Dataset extract:
* * * * * * *

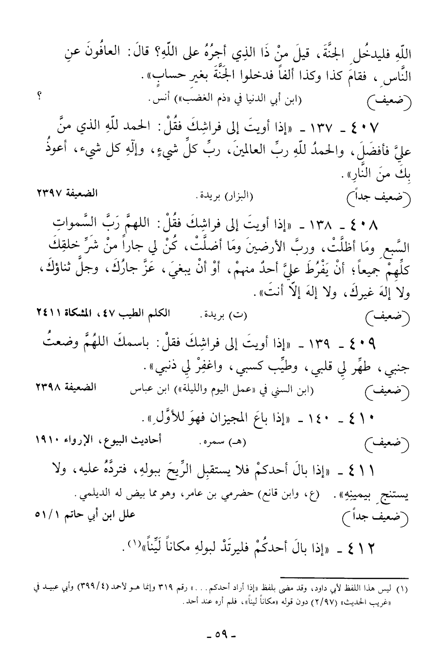 407 - إذا أويت إلى فراشك فقل: الحمد لله الذي من علي فأفضل والحمد لله رب العالمين رب كل شيء وإله كل شيء أعوذ بك من النار
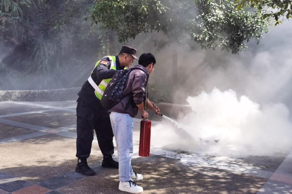 出席本次活动的有9728太阳集团党委书记王建明、9728太阳集团党委副书记余新、学校保卫处副处长王树坤、学生处公寓管理科冯湛老师以及9728太阳集团和校保卫处的各位老师。首先保卫处副处长王树坤老师从消防形式、消防责任、消防意识、消防管理四个方面进行了详细的讲解,接着保卫处消防科何立军老师就灭火器的使用方式进行了现场示范,同时邀请了部分师生上台体验灭火器的使用方法。随后党委副书记余新老师列举多种校园消防安全实例,强调了消防演练的重要性和必要性。最后,学生处公寓管理科冯湛老师对本次活动进行总结,要求全体师生学习消防安全知识,提高安全防范意识。
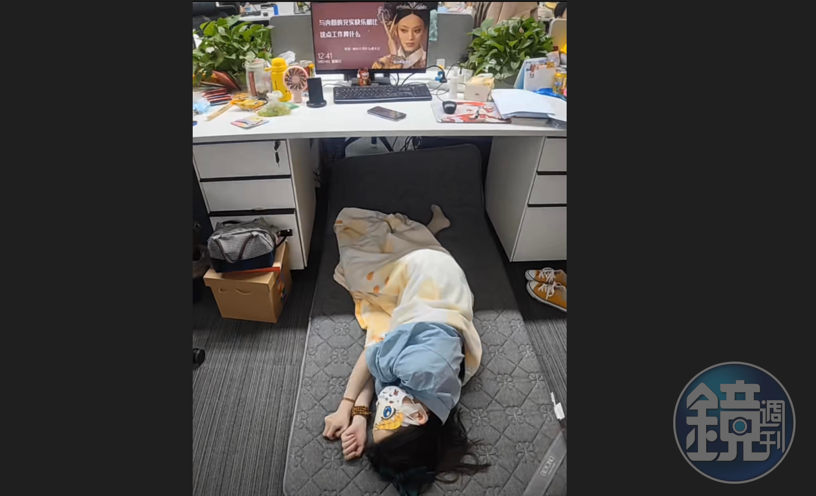 有網友在《爆廢公社公開版》上傳照片,照片中只見一名女生戴眼罩,在地上舖床墊、蓋小被子,直接睡在辦公桌下,相較一旁男同事趴在桌上午休,女子大膽行徑引起網友熱議,有人直呼「好強喔」「老闆要給他加薪!以公司為家」「只要她不覺得尷尬,尷尬的就是別人」「公司就是我家」,也有人打趣說「應該順便敷個面膜」「缺個枕頭」,但有些人擔心「太接近地下,真怕有蟑螂」。
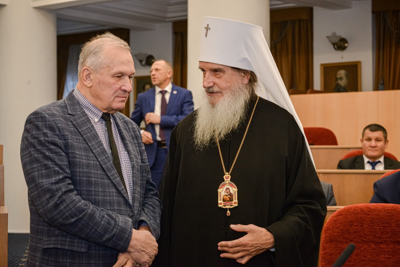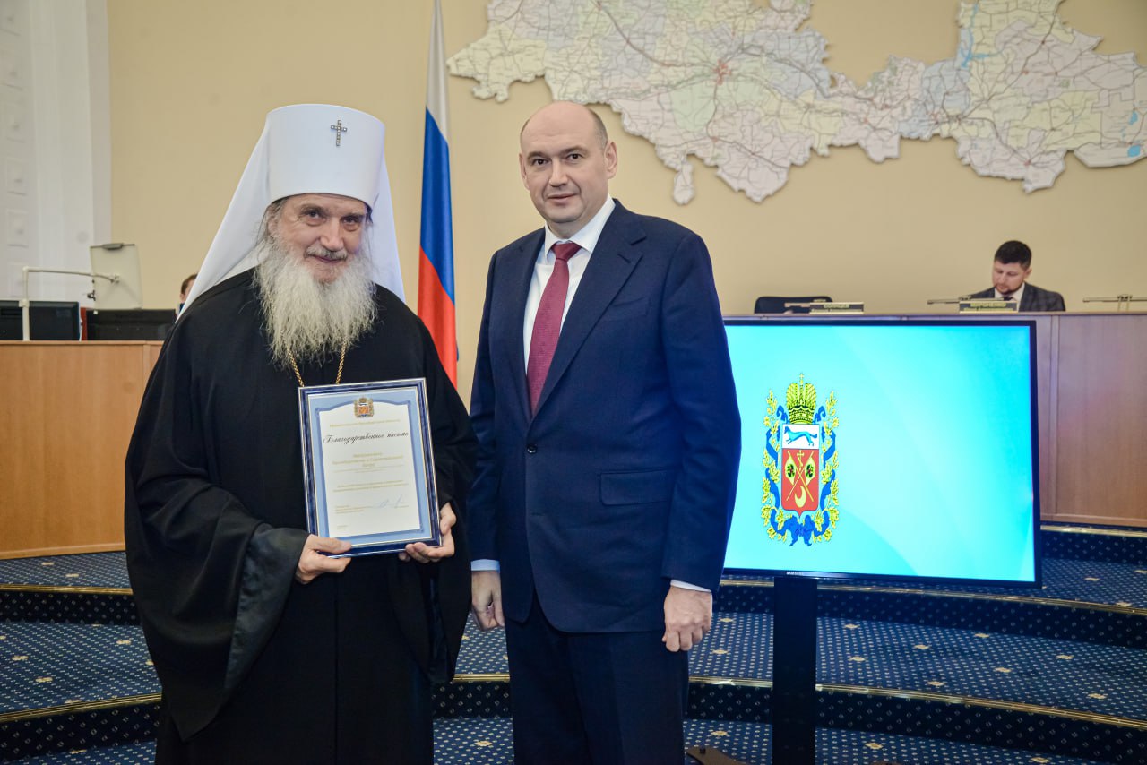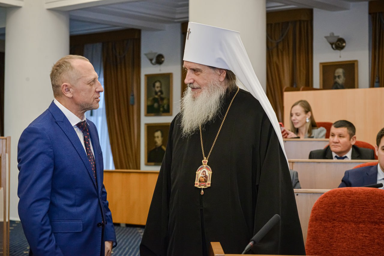 В конце заседания губернатор вручил благодарственное письмо владыке митрополиту "за большой вклад в сохранение и укрепление традиционных духовных и нравственных ценностей".

* * * * * * *

How to complete this task: Print the material above exactly, skipping its images.

Response area:
 407 - إذا أويت إلى فراشك فقل: الحمد لله الذي من علي فأفضل والحمد لله رب العالمين رب كل شيء وإله كل شيء أعوذ بك من النار
 出席本次活动的有9728太阳集团党委书记王建明、9728太阳集团党委副书记余新、学校保卫处副处长王树坤、学生处公寓管理科冯湛老师以及9728太阳集团和校保卫处的各位老师。首先保卫处副处长王树坤老师从消防形式、消防责任、消防意识、消防管理四个方面进行了详细的讲解,接着保卫处消防科何立军老师就灭火器的使用方式进行了现场示范,同时邀请了部分师生上台体验灭火器的使用方法。随后党委副书记余新老师列举多种校园消防安全实例,强调了消防演练的重要性和必要性。最后,学生处公寓管理科冯湛老师对本次活动进行总结,要求全体师生学习消防安全知识,提高安全防范意识。
 有網友在《爆廢公社公開版》上傳照片,照片中只見一名女生戴眼罩,在地上舖床墊、蓋小被子,直接睡在辦公桌下,相較一旁男同事趴在桌上午休,女子大膽行徑引起網友熱議,有人直呼「好強喔」「老闆要給他加薪!以公司為家」「只要她不覺得尷尬,尷尬的就是別人」「公司就是我家」,也有人打趣說「應該順便敷個面膜」「缺個枕頭」,但有些人擔心「太接近地下,真怕有蟑螂」。
 В конце заседания губернатор вручил благодарственное письмо владыке митрополиту "за большой вклад в сохранение и укрепление традиционных духовных и нравственных ценностей".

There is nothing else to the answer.